START MATERIALS PROVIDED

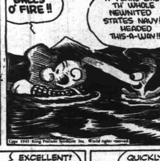
I KNOW'D TH' PRESIDENT WOULD MAKE TH' FUR FLM PERDICKERMINT .
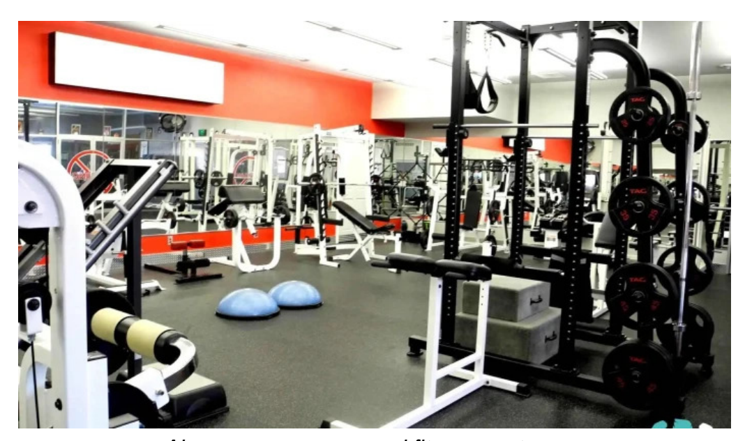
Above average personal fitness systems gym
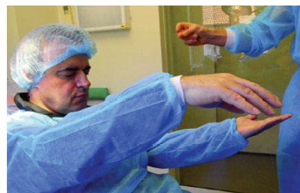
Deep somnambulistic trance induction

Finally, at the end of the session, the subject is brought back to an ordinary state of consciousness, returning to the here and now using an emergence technique (direct or indirect). They should feel in great shape, completely re-associated and in their normal state of consciousness.
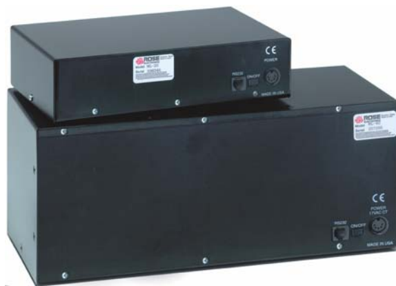
Rear view of MultiStation models ML-2U and ML-4U

■ Phone: 281-933-7673 ■ E-mail: sales@rose.com ■
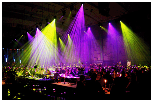
AKKC venue in use
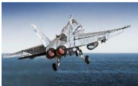
An F/A-18C Hornet launches from the deck of an aircraft carrier.
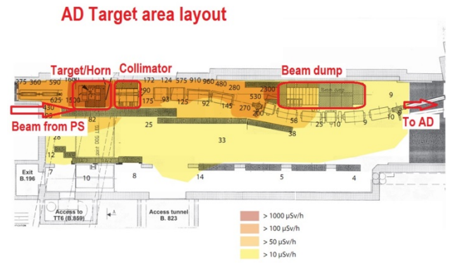
Figure 2: Layout of the production target area.

inspection capabilities is also being performed. The hydraulic and electronics of the existing service vehicle – capable of remotely disconnecting the target and horn carriages as well as the magnetic spectrometer dipoles/quadrupoles – has been completely refurbished. In collaboration with other CERN programs, a dedicated remotely manipulated robot will be used in the area for general inspections, reducing the dose rate for personnel intervening in the area.
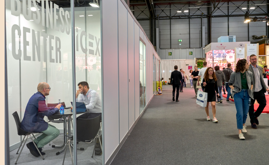
Note: Non-binding image
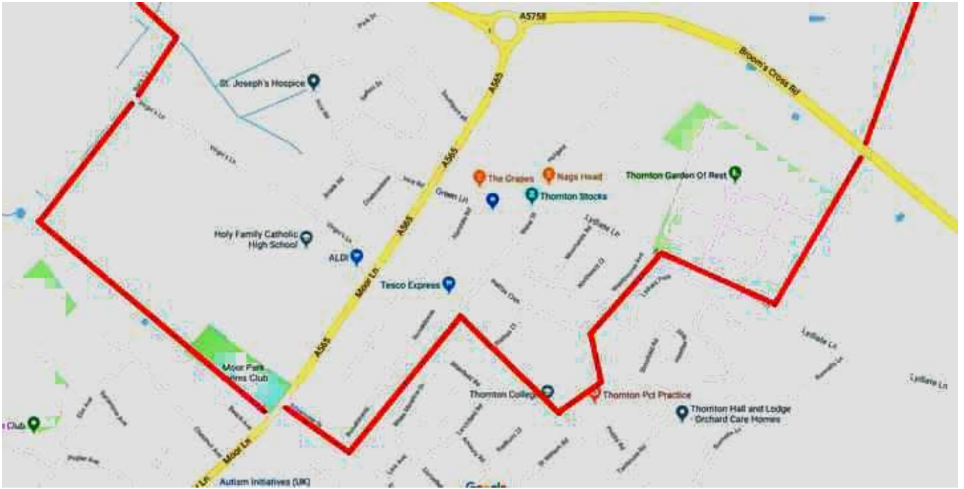
THORNTON "SOUTH" map
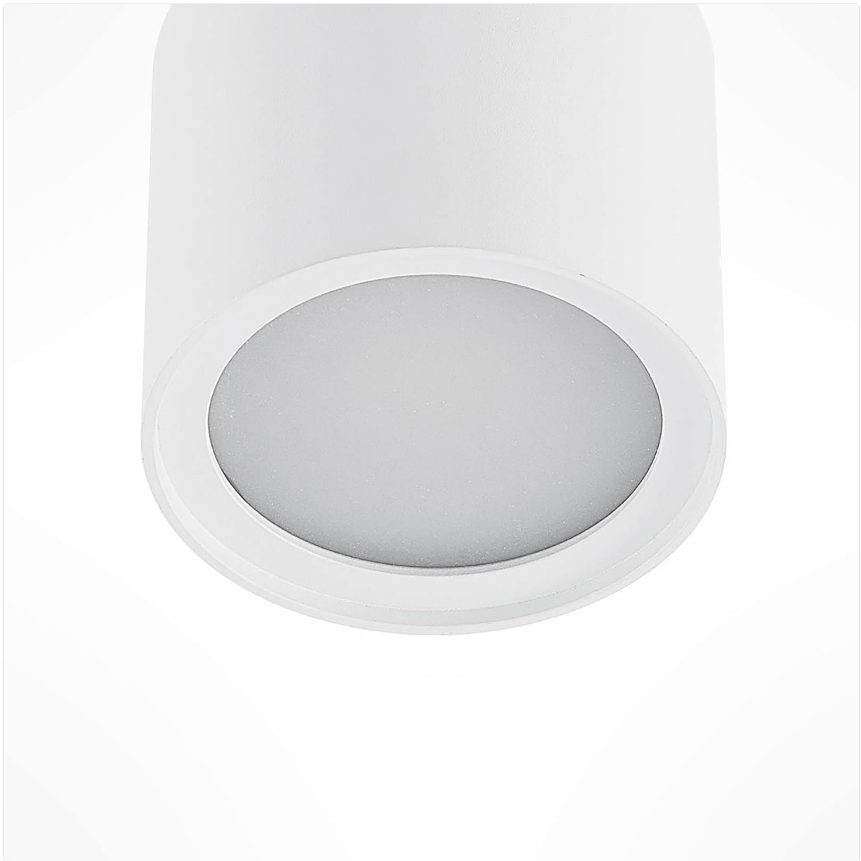
Image: Detailed view of the spotlight's light source housing, showing the GU10 bulb area.
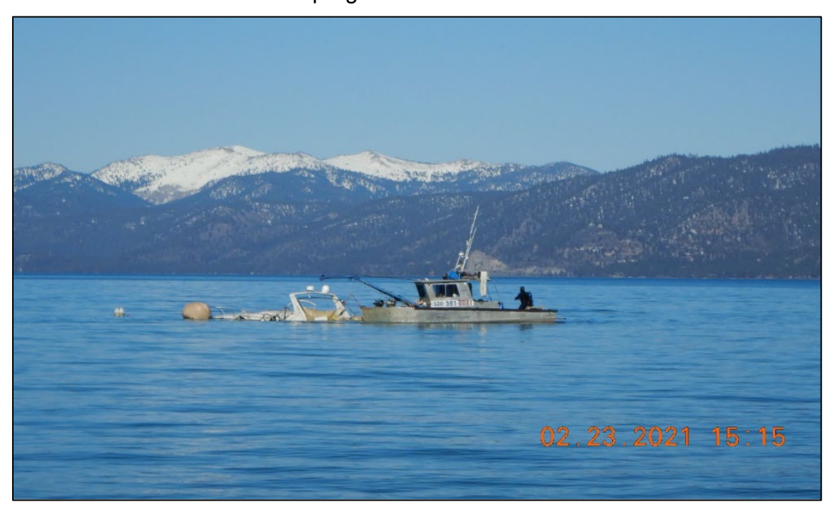
Photo No. 3.1 - High Sierra Marine preparing to tow the sunken boat from Jameson Beach to Tahoe Keys Marina

The Water Board, California Department of Fish and Wildlife, United States Environmental Protection Agency (US EPA), and El Dorado County Sheriff's Department all have programs that can be implemented to address abandoned boats, with implementation being more complex for some programs than others. In this case, the Water Board's and US EPA's programs were enacted.
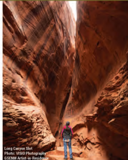
Long Canyon Slot Photo: VISIO Photography GSENM Artist-in-Residence
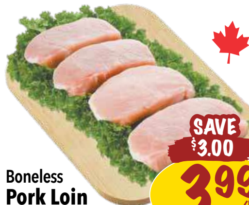
Boneless Pork Loin Chops or Roast fresh, product of Canada
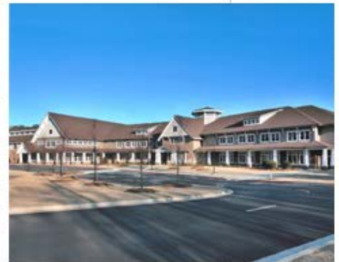
Brasfield & Gorrie, LLC King's Ridge Christian School Barbara Adler Academic Center Alpharetta, GA
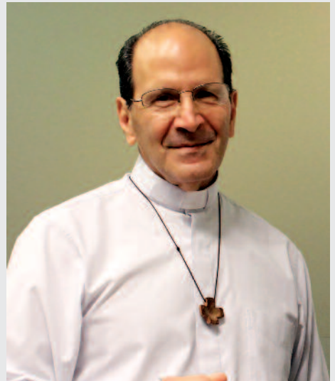
ALEJANDRO SOLALINDE: PRIEST BASIC NEEDS OF EMIGRANTS, HUMAN RIGHTS
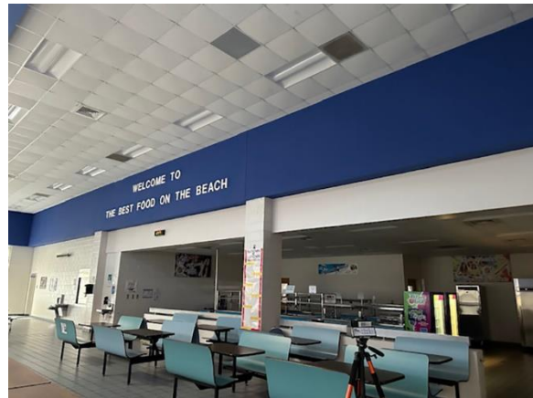
Air Sample in Cafeteria
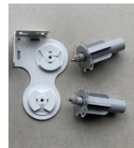
Idle End Plug to Idle End bracket
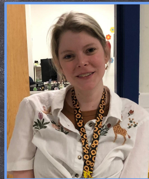
Susan Waring Kindergarten Grades 2, 4, 6
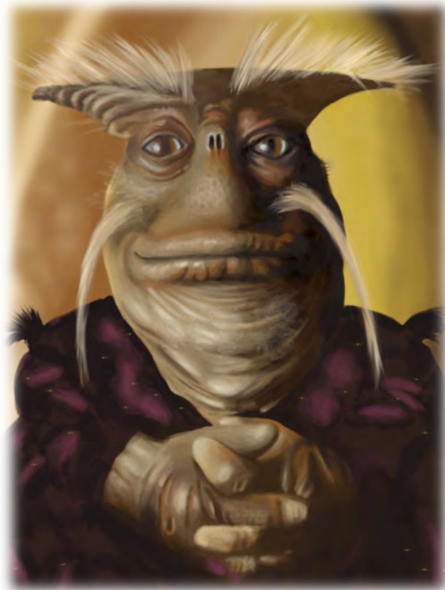
Illustration by Kristy
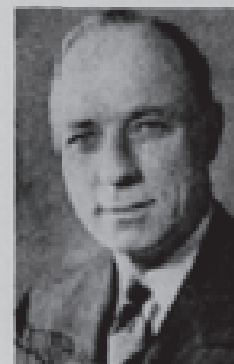
BOURKE B. HICKENLOOPER GOVERNOR
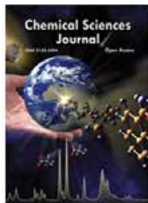
Chemical Sciences Journal
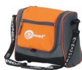
Carrying case WAFUTM6
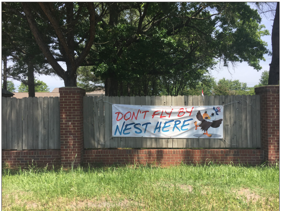
Figure 2: Advertisement Seeking Tenants for Privatized Housing

or offering rent concessions. While these actions can increase occupancy, advertising adds costs to project operations, and rent concessions lower the per-unit revenue earned for the project. Figure 2 shows an advertisement by a privatized housing project seeking tenants outside of Naval Station Norfolk in Virginia.
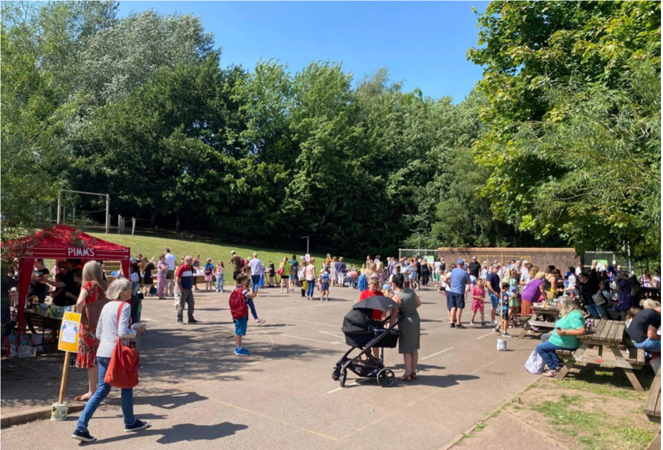
The wonderful school community gather at the Summer Fayre
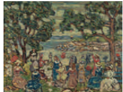
Maurice B. Prendergast, Promenade , c. 1915-18. Pennsylvania Academy of the Fine Arts

Afterwards, we'll enjoy a festive reception for the opening of The Artist's Garden: American Impressionism and the Garden Movement . This is your invitation to the Members' Reception. We hope you can join us. Kindly RSVP (acceptances only) to 860-434-5542 ext. 122 or DeeDee@flogris.org .
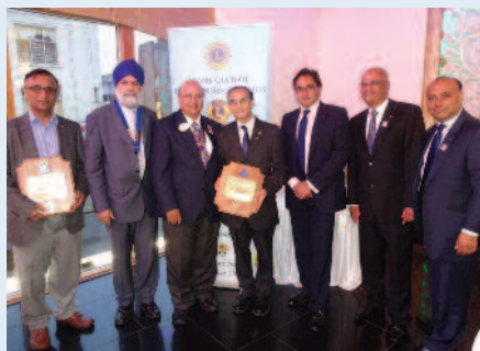
MJF awards at Seven Kings

After returning from Toronto I conducted the handover of LC of London Seven Kings. Two Seven Kings members were presented with MJF awards. Congratulations to both the Lions. I have also been attending Zone E and Zone F social meetings as well as Zone E fun day.
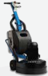
GRINDERS & POLISHERS
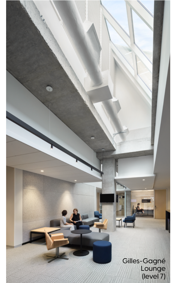
Gilles-Gagné Lounge (level 7)
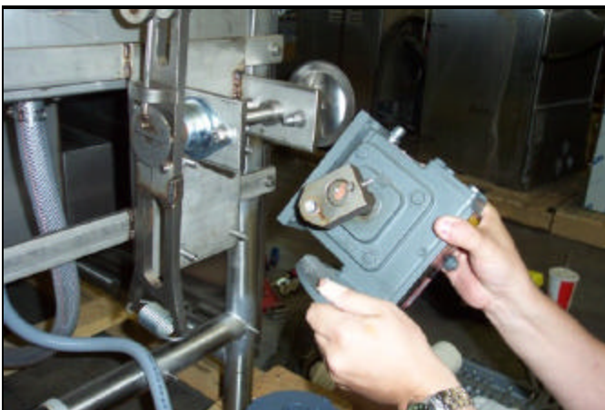
Removing the gear reducer.

24. Gently remove the gear reducer, careful not to drop it.
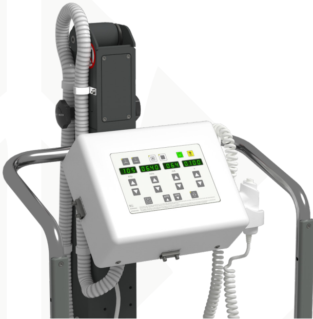
..... 1 Region APR Console MEMBRANE
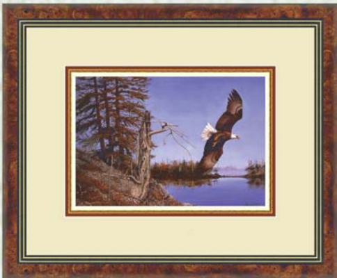
G9-3907 "Dare To Fly" by Richard Plasschaert, a Federal Duck Stamp competition winner and also the winner of numerous State Duck Stamp competitions. This piece is triple acid free conservation matted with gold fillet. Frame is wood/burl finish w/gold highlighted edge. Framed size is 19" x 23".
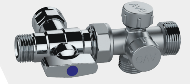
FITS WITH BVT-15
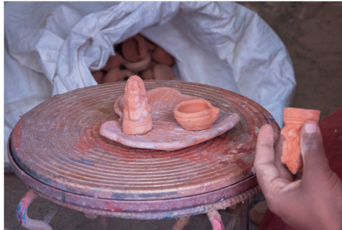
Artisan is sticking Ganesha and Lakshmi idols on that plate.
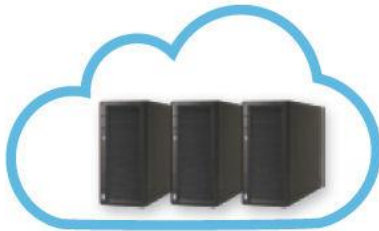
RISCO Cloud Server
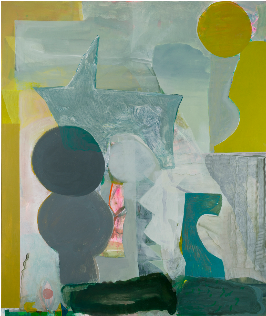
Untitled Tapestry 2017-2018 Oil and acrylic on linen 225 x 185cm
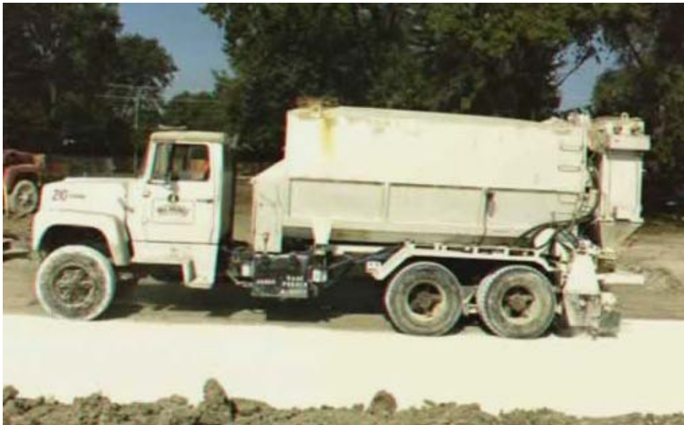
Figure 10: Dry lime application with mechanical spreader 4

For use of a pneumatic spread bar, the quicklime is typically fine sized ( \frac{1}{4} " by 0) to flow freely. A mechanical spread auger on the end of a truck, trailer, or a separate spread box can handle larger sized quicklime--typically up to \frac{1}{2} " size. The subbase can be uneven or scarified for this type of application. This application works well in very wet soil conditions.

END MATERIALS PROVIDED

- _THE PROBLEM_:
Look through the entries above. Extract each line with the word "awards".

- _ANSWER SECTION_:
MJF awards at Seven Kings
After returning from Toronto I conducted the handover of LC of London Seven Kings. Two Seven Kings members were presented with MJF awards. Congratulations to both the Lions. I have also been attending Zone E and Zone F social meetings as well as Zone E fun day.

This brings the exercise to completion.